2022年5月27日

跡継ぎ情報交換サイト「家業エイド」(下)/鉄鋼業人材不足解消に/対面での交流も模索

運営事務局の梅田氏 「海外の方には私の名前の『ユウスケ』は発音しにくいそうで、もっぱらYASUと呼んでもらっています」
中小企業の経営者や個人事業主を親族に持つ人が参加できるオンラインコミュニティー「家業エイド」には、現在6000人の参加者がいる。参加者らはサイトのチャット機能で気軽に会話したり、交流会で情報交換したりしている。「相談する」のページを開くと「相続・事業承継」「法律・税金など」といったカテゴリーがあり、相互に悩みを相談したり解決に導いたりできる。「家族・人間関係」のカテゴリがあるのも家業持ち同士ならではだ。多くの参加者は交流を円滑に進めるために氏名、業種、地区などを公表している。もちろん強制ではない。運営事務局は当初、既存のSNSを使うことも検討していた。しかし仕事と個人のSNSを分けたいというニーズや個人情報の公開レベルなどを考慮して、新たなオンラインコミュニティーを立ち上げるに至ったのだという。

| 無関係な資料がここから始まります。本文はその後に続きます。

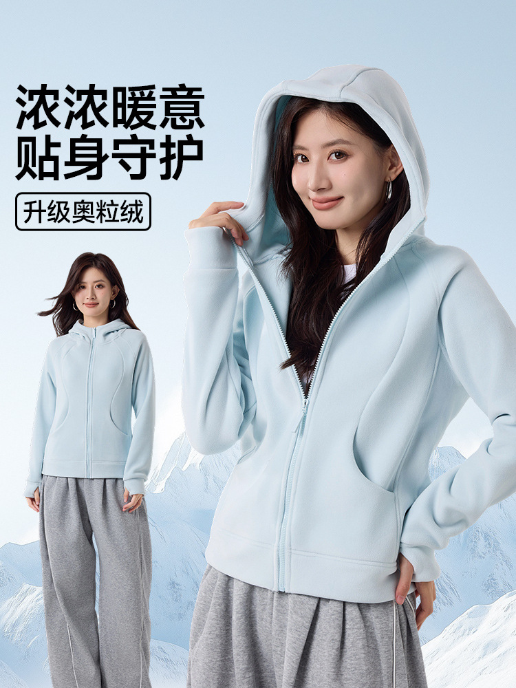 가을 겨울 여성용 고급 후드 스웨트 셔츠 양면 오스트리아 벨벳 지퍼 카디건 재킷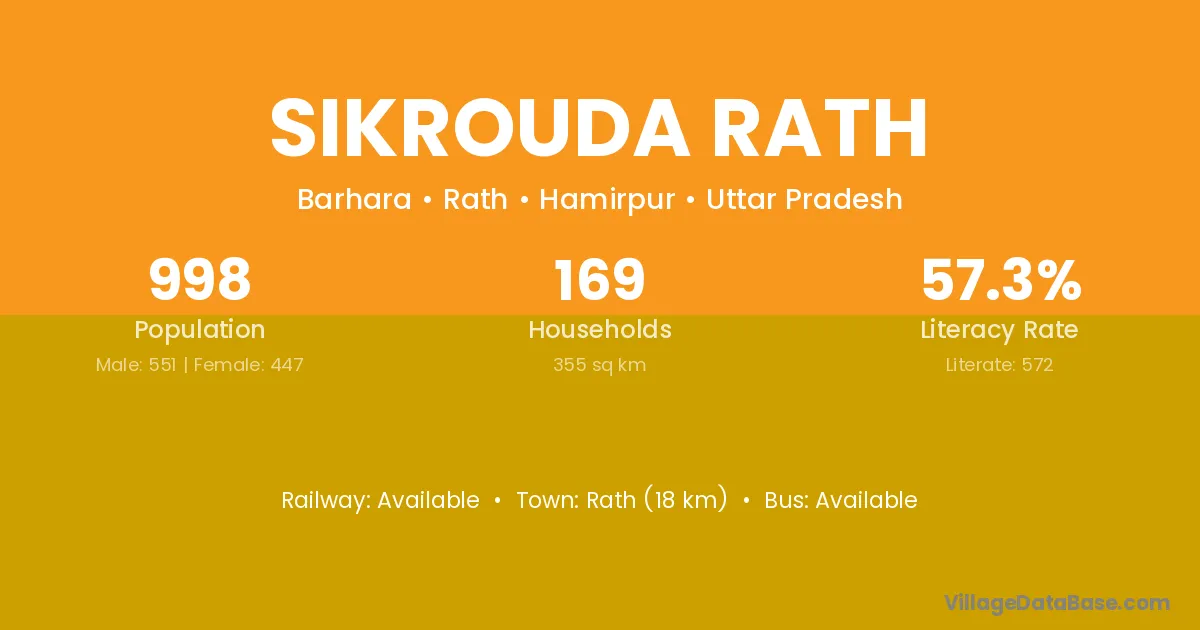 Rath (18 km) is the nearest town to Sikrouda Rath village for major economic activities and is located approximately 18 km away.
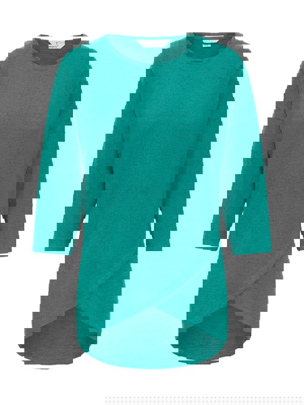 This soft brushed, crew neck jersey is a perfect everyday piece. This top features three quarter length sleeves, a front cross over asymmetric hem in a azure blue shade.

以前は登録者の有志でオフラインでの交流会を30回ほど開いていた。新型コロナウイルス禍以降はオンライン交流会の件数が急増。交流会には参加条件を設けないケースが多いが、業種ごと、年代ごと、悩みごとに開催することもある。今後はオフラインとオンラインを併用した交流のあり方を模索しているという。5月には建設業の交流会、製造業の交流会、家業に戻る準備のための相談会などを開催した。

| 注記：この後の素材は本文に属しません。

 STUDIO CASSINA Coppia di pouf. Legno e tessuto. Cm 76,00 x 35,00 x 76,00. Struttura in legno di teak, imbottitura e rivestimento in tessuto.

経営者の親族が会社を継がない場合、優秀な社員が後継者となることもあるものの、社の株式を買い取る潤沢な資金が必要で、実現は難しい。そこで選択肢として浮上するのがM&Aだが、創業者や創業者の子は「自分が(自分の親が)大事に育ててきた企業」という思い入れがあるだけに、「できれば買収や統合ではなく子に継がせたいし、それが無理なら長年働いてくれた社員に継いでほしい」と考えてM&Aに慎重になるケースが多いという。

ある総合商社の社員は、「鉄鋼業界の方々は、家族関係や同業他社との横のつながりを他業種よりも重要視する印象がある」と話す。個人と仕事を分けている人もいるし他の業界がドライというわけではないと付け加えつつも、「鉄鋼業界全体がやや保守的なことも関係しているのでは」と分析する。

鉄鋼に関係するあらゆる企業は、日本のものづくり産業を支え続けるという重要な役割を担う。一方で、いわゆる3Kの労働環境が歓迎されず慢性的な人手不足が問題になっていることも事実だ。大手鉄スクラップ業者の家に生まれたある20代の若者は、「祖父が戦後に立ち上げ、おやじが守ってきた会社を、自分が継ぐのは当たり前」と語った。鉄鋼商社での数年の就労経験を経て、本人は今、実家に戻って一社員として働いているが、次期経営者候補の全員が「自分が継ぐのは当たり前」と思っているわけではない。

継ぐ。継がない。どちらにせよ、多くの情報を集めて、自身、家族、社員が納得する選択をするのが重要で、その情報を集める手段の一つとして「家業エイド」を活用することができそうだ。